The estimated intervention effect in this example is 0.50 ± 0.26, and the result of the significance test is t(12) = 1.92, p = 0.08. (You find the degrees of freedom for the t-test on the third line from the bottom.)

Some researchers may object that this approach reduces the original data set of 280 observations to just the 14 class means and hence throws away vital information. Having reached a certain age, I’ll quote myself on this topic:

“[R]esearchers may find it psychologically difficult to reduce a dataset to a fraction of its original size—if the analysis is carried out on ten cluster means, by bother recruiting several participants per cluster? However, larger clusters reduce the variance of the cluster means within each treatment group, which in turn makes the intervention effect stand out more clearly (Barcikowski, 1981). Put differently, cluster-level analyses are more powerful when the clusters are large compared to when they are small.

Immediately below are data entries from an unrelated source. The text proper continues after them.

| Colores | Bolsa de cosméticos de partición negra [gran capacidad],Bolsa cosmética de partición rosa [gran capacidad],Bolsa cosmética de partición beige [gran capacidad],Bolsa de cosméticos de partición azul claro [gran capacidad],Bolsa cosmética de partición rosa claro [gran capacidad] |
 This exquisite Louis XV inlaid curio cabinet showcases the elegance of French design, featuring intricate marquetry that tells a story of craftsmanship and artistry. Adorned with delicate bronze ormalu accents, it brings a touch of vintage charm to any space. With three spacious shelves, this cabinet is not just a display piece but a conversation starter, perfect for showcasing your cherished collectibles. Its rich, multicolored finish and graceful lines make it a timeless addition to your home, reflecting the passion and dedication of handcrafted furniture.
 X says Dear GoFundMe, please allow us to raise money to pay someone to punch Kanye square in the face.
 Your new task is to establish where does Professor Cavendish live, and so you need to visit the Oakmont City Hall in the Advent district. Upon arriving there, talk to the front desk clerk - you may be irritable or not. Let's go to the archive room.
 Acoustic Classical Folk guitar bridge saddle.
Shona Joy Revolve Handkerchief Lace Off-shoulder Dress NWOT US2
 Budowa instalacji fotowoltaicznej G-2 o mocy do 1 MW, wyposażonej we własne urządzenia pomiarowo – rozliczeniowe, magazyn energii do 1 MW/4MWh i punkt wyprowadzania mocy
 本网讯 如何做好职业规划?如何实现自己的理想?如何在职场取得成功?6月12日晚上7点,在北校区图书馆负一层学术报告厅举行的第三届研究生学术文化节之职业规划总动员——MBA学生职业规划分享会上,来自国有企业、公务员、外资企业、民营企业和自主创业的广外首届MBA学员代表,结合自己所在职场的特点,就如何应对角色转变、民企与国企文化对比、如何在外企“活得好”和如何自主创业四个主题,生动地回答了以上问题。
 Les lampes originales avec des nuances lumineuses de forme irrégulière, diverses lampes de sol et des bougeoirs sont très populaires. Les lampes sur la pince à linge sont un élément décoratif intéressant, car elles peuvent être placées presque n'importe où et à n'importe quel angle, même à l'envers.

That said, when given the choice between running an experiment on ten clusters with 50 observations each or on 50 clusters with ten observations each, the latter is vastly preferred due to its higher power (…).” (Vanhove 2015:145).

The assumptions of this analysis are the same as for any general linear model, it’s just that they now concern the class means rather than the raw observations. Independence can be assumed if the experimental protocol was followed. Normality isn’t too important but seems reasonable given that we’re working with aggregated data. But homoskedasticity (i.e., equal variances) may occasionally be a problem: The variance of any given class mean will be inversely proportional to the size of the class, meaning that small classes will tend to have more extreme means. In this case, the classes are all of similar sizes, as is typical in experiments with school classes, so this shouldn’t pose too great a threat to the results. In the simulations below, I’ll also consider experiments with wildly differing class sizes.

### Approach 2: Fit a multilevel model, ignore the covariate

In the second approach, too, the covariate is ignored completely. Instead of analysing the cluster means, the individual observations are analyses. The clustering is taken into account by fitting the class effects by means of random effects. Different methods for computing p-values for multilevel (or mixed-effects) models exist. In the output below as well as in the simulations, Satterthwaite’s method was used as it isn’t prohibitively expensive computationally and as it performs well on balanced data; see Luke (2017). If you load the `lmerTest`

package, p-values computed using Satterthwaite degrees of freedom are added to the `lmer()`

output.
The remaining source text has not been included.